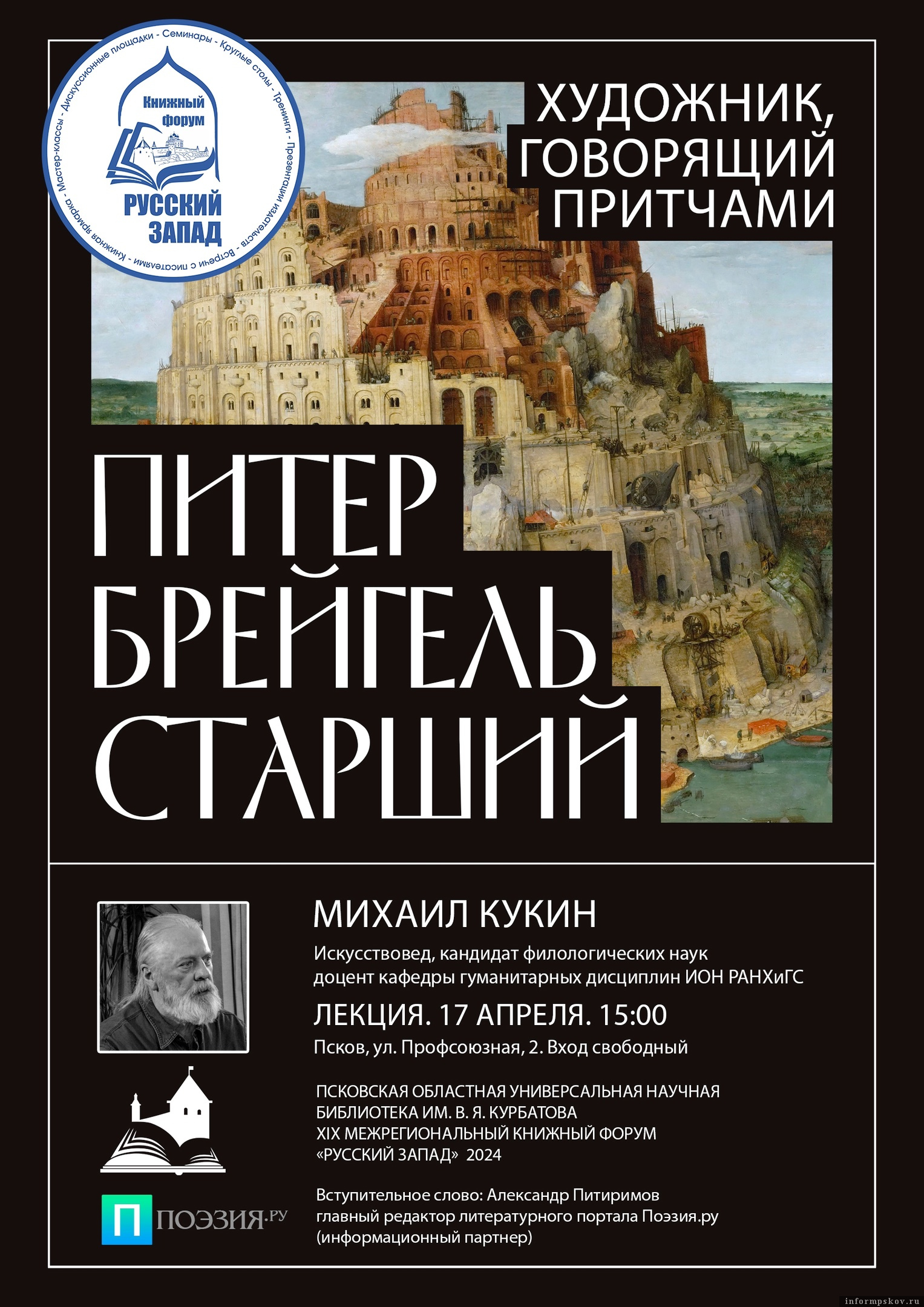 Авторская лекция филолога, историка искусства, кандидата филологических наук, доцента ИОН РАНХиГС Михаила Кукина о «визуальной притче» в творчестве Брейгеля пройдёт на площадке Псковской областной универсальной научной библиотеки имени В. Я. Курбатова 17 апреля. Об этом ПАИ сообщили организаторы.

########################################

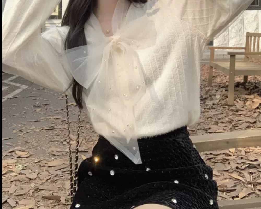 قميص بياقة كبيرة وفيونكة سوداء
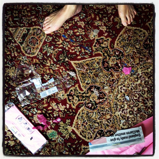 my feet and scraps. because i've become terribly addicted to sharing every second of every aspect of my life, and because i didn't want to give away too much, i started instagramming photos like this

########################################

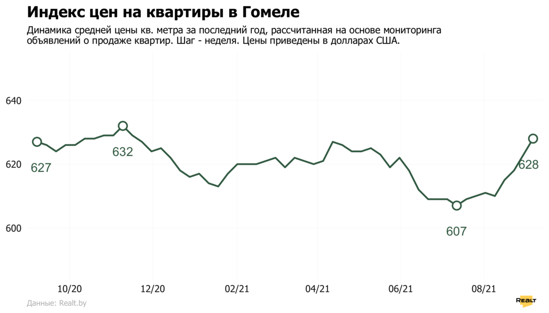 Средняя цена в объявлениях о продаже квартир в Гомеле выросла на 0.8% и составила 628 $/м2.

########################################

Work item.
What you return must match, character for character, the lines above from the one with "قميص بياقة كبيرة وفيونكة سوداء" through the one with "my feet and", minus any pictures.

Answer area.
 قميص بياقة كبيرة وفيونكة سوداء
 my feet and scraps. because i've become terribly addicted to sharing every second of every aspect of my life, and because i didn't want to give away too much, i started instagramming photos like this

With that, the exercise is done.